Rugby - Super Rugby gets to the 'Super Six' stage and the Junior Irish are bloodied but unbowed

Andrew Conway picture from http://bit.ly/iE3T1Z
Super Rugby




This is the final weekend of the round robin matches of Super Rugby, and it’s a close enough finish. The Reds are through for Aus, and should deservedly top the table. The Stormers should top the SA conference, and will no doubt beat an improving Cheetahs side. The Blues have a tougher task against the Highlanders than the Crusaders have against the Canes in the fight to top the NZ conference.
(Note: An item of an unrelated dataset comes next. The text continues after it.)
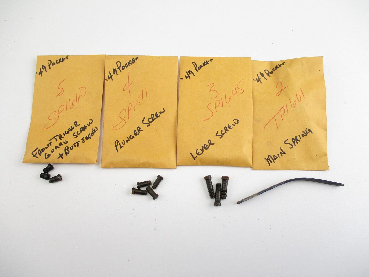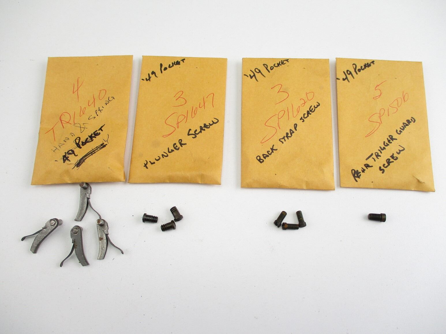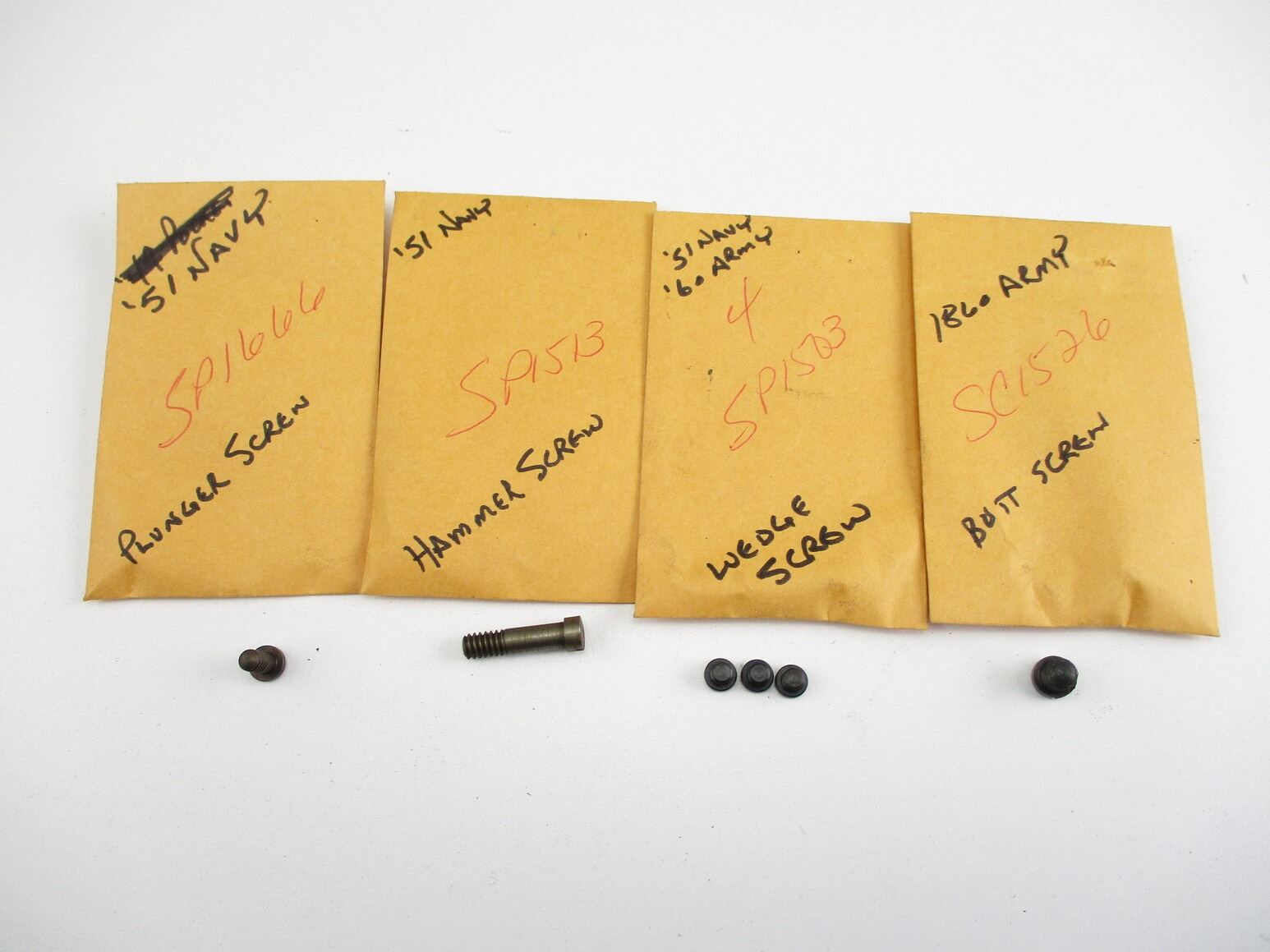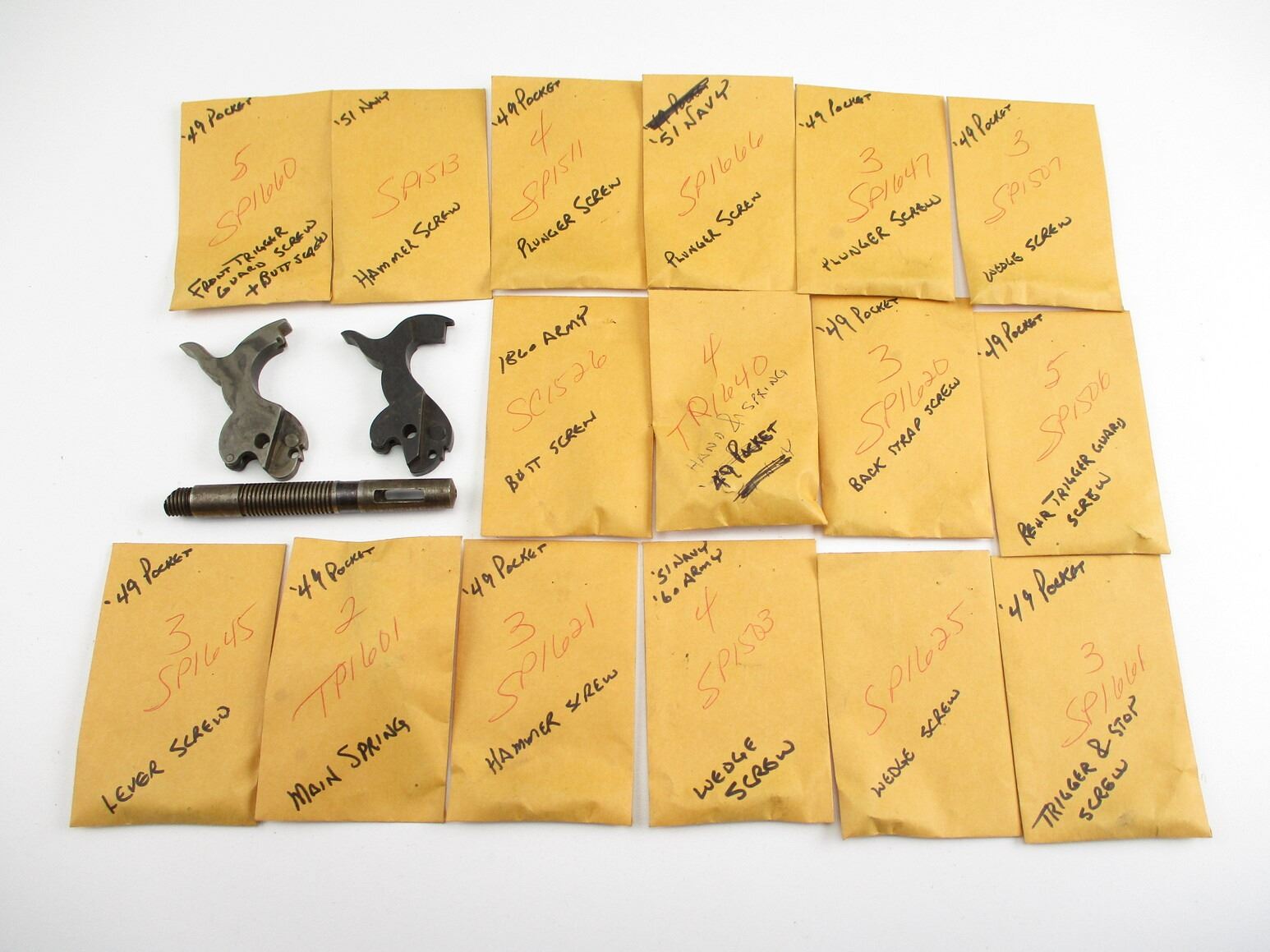 COLT PERCUSSION REVOLVER PARTS , MODERN MFG, SOME MARKED 1894 POCKET, 1860 ARMY, 1851 NAVY, INCLUDES SCREWS, HANDS, MAIN SPRING, ETC, (2) HAMMERS, 1 UNKNOWN, 1 REMINGTON ARMY, MAY CONTAIN OTHER MARKS.
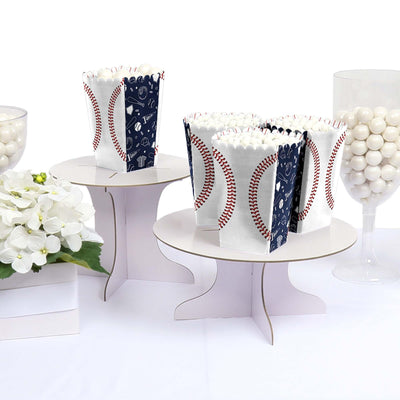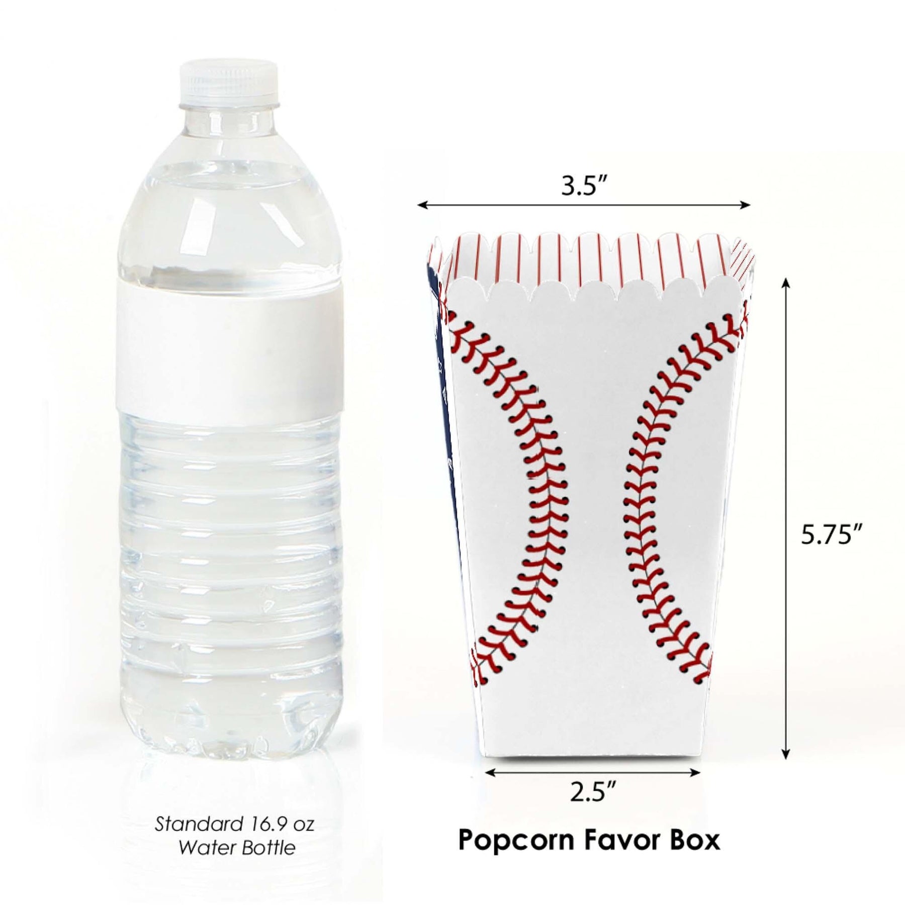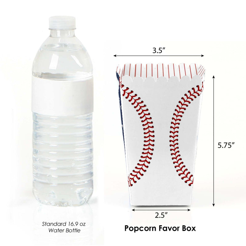 Each Batter Up - Baseball popcorn box shows off the vivid colors of this baby shower or birthday party theme. The fun patterns will look great next to the rest of your party supplies. Display filled popcorn boxes at your candy buffet table or at each individual placesetting to really bring a "pop" of color to the entire event.

The Canes have sucked consistently this season, generally they intersperse periods of excellence between periods of sucking, but this season they are Mr Consistent. Interesting to see what the clear out of Nonu and Hore will bring for them in the future.

Then it’s going to be a slug fest between the Bulls and the Sharks for one of them to go through. This promises to be a typical, low scoring SA derby, high body count, lots of niggle, a snooooze fest for all except the faithful and the lovers of Greco roman style wrestling. The Sharks should have been in the driving seat going in to this match, but due to their risible performance against the Lions last week, they have to go to Pretoria to beat the Bulls to get in to the last 6 now, and I can’t see that happening.

The only opportunity for the Sharks is that they are the one SA side who occasionally try to run round players instead of through them, and this will be handy as they won’t be running through any of the Bulls in a hurry. They don’t quite have the midfield players to pull this off on a consistent basis though, with Meyer Bosman the chief bashing culprit. I’d reckon the Bulls are going to beat the Sharks by their traditional method (beating them to bloody pulp) and then for the Tahs to take the last place by thumping an underperforming Brumbies side.

IRB Junior World Championships

Ireland have had it tough in these championships, having had to take on heavyweights (in every meaning of the word) England and SA. They’ve acquitted themselves well in both matches, the 42-26 scoreline doesn’t do justice to their tenacity and their never say die attitude against the Boks. Andrew Conway scored a blistering try for Ireland ( see that here http://www.irb.com/jwc/video/index.html  under 'JWC Round 2 highlights- Pool C' at 10 mins 30 secs) and they were constantly one pass away from getting past the Boks. Those passes didn’t stick though, but comparing player resources, Ireland punched way, way above their weight by running the Boks a lot closer than the result suggests. Tiernan O'Halloran at full back had a good match, as did Tadhg Furlong. Physicality is something we expect from the Boks, but their number 5 Ruan Venter had an unfortunate and fairly illegal habit of trying to remove the head of whoever he was tackling. Their flyhalf Johan Goosen has some drop goal boot on him, and substitute scrum half Pieter Rademan is a hell of a player.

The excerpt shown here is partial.